Give again, word for word, the lines below that run from the line with "Er is een ruime" through the line with "0次播放 | 00:33氢氧化钠自动拆包卸料机 无尘粉料自动拆袋机无扬尘". Drop the pictures.

INPUT Start Marker

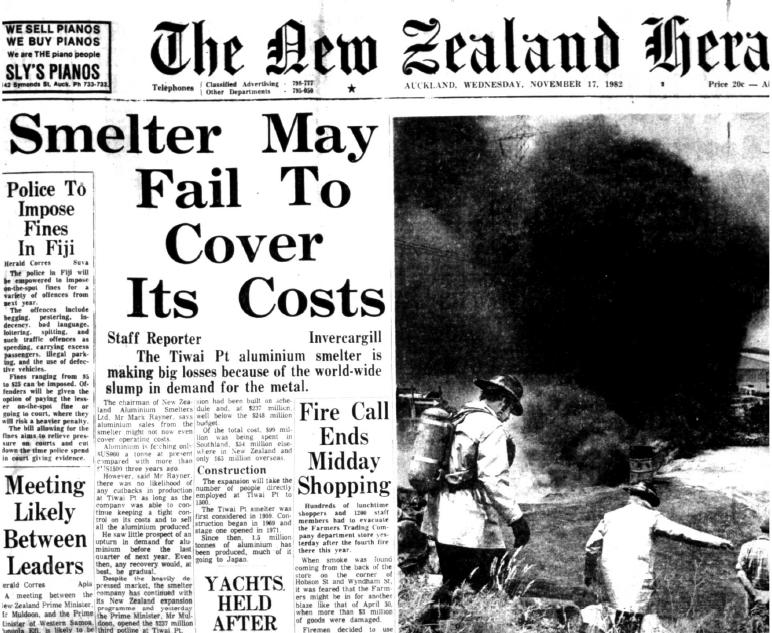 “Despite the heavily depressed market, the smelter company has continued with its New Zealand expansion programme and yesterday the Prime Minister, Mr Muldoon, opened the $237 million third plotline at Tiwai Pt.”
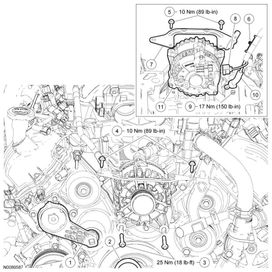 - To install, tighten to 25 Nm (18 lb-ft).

INPUT End Marker
INPUT Start Marker

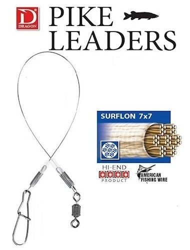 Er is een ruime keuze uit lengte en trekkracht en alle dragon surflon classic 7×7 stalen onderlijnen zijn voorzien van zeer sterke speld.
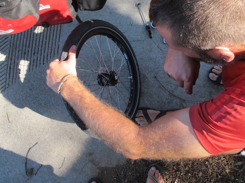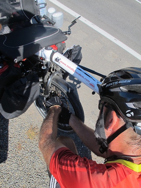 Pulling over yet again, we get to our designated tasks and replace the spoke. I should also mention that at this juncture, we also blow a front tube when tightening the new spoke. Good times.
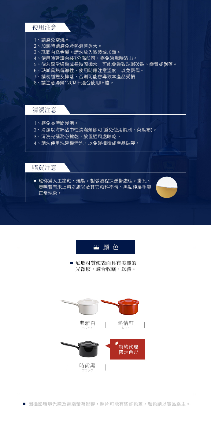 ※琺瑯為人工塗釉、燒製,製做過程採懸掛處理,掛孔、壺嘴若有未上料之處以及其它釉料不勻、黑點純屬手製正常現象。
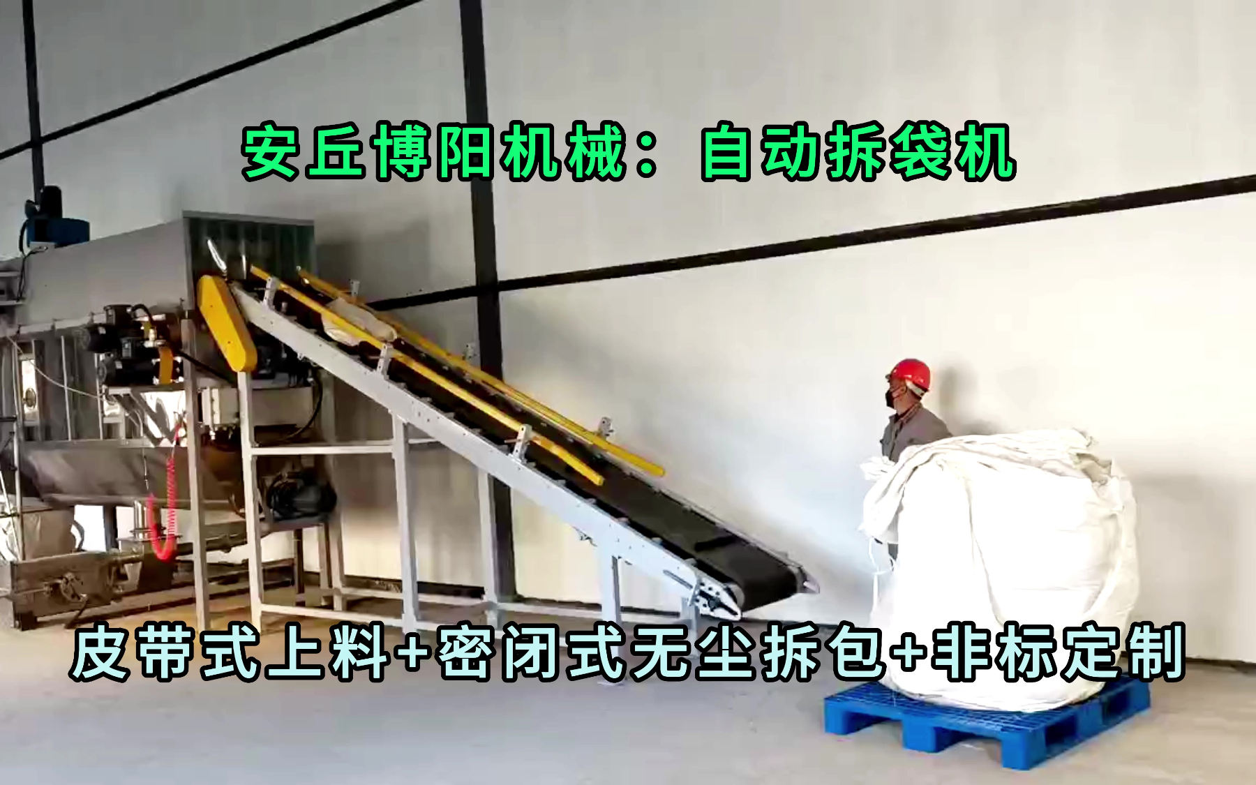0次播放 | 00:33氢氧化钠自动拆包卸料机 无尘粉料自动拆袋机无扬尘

INPUT End Marker

**ANSWER SPACE:**
 Er is een ruime keuze uit lengte en trekkracht en alle dragon surflon classic 7×7 stalen onderlijnen zijn voorzien van zeer sterke speld.
 Pulling over yet again, we get to our designated tasks and replace the spoke. I should also mention that at this juncture, we also blow a front tube when tightening the new spoke. Good times.
 ※琺瑯為人工塗釉、燒製,製做過程採懸掛處理,掛孔、壺嘴若有未上料之處以及其它釉料不勻、黑點純屬手製正常現象。
0次播放 | 00:33氢氧化钠自动拆包卸料机 无尘粉料自动拆袋机无扬尘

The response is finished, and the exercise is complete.